> _The task_: For the listing below, print exactly the lines from the line with "Апартаменты с кафельным" to the line with "清仓断码 中跟圆头套脚女单鞋 处理真皮女鞋 新款 2025秋季 牛皮乐福鞋", both included, and nothing beyond them.

> _Material for this exercise_:
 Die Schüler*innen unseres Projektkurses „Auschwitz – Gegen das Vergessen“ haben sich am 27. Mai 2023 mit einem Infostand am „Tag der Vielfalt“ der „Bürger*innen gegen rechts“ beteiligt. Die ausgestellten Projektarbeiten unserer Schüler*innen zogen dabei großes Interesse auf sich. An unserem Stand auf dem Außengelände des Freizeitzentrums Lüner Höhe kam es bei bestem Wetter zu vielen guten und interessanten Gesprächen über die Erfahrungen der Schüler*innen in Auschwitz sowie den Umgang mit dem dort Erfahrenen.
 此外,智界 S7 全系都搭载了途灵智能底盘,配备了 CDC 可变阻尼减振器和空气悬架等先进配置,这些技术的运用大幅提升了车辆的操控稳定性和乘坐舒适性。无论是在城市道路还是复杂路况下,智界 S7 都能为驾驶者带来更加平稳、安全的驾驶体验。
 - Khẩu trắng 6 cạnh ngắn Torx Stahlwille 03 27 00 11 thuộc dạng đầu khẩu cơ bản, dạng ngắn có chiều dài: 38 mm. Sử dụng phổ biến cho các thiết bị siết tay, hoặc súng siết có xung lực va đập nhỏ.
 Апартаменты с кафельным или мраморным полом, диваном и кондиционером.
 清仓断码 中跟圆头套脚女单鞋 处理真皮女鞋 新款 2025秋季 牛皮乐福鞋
* * *
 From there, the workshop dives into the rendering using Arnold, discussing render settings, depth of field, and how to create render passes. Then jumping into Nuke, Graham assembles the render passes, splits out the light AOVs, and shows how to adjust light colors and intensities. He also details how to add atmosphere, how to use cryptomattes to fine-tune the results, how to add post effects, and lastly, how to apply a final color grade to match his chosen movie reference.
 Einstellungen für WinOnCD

> _Response to the exercise_:
 Апартаменты с кафельным или мраморным полом, диваном и кондиционером.
 清仓断码 中跟圆头套脚女单鞋 处理真皮女鞋 新款 2025秋季 牛皮乐福鞋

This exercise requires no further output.